INFORMATION GIVEN:

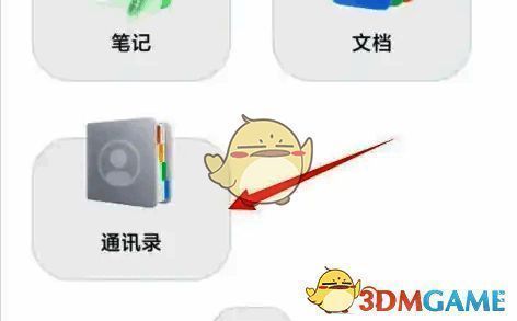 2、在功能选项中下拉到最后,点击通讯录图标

...

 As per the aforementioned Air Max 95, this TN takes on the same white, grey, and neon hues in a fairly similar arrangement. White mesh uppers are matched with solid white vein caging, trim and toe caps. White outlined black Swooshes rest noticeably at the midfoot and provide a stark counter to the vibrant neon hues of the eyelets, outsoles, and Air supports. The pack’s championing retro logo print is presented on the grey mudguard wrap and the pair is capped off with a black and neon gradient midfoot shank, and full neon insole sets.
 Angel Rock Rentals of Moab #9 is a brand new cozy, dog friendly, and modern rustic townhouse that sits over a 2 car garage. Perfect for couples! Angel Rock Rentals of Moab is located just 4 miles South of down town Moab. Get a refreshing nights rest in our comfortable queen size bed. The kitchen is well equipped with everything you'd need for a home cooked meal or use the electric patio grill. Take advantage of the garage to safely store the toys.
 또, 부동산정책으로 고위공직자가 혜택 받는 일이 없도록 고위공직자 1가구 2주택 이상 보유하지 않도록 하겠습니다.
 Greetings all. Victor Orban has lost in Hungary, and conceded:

--

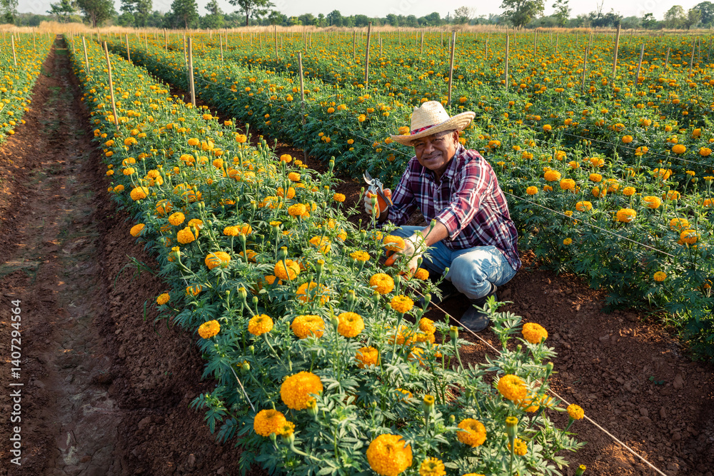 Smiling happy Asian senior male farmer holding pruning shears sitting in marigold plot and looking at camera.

EXERCISE PROMPT: Your answer should consist of the lines from the line with "또, 부동산정책으로 고위공직자가" to the line with "Greetings all. Victor" above, repeated exactly, both ends included.

TASK OUTPUT:
 또, 부동산정책으로 고위공직자가 혜택 받는 일이 없도록 고위공직자 1가구 2주택 이상 보유하지 않도록 하겠습니다.
 Greetings all. Victor Orban has lost in Hungary, and conceded:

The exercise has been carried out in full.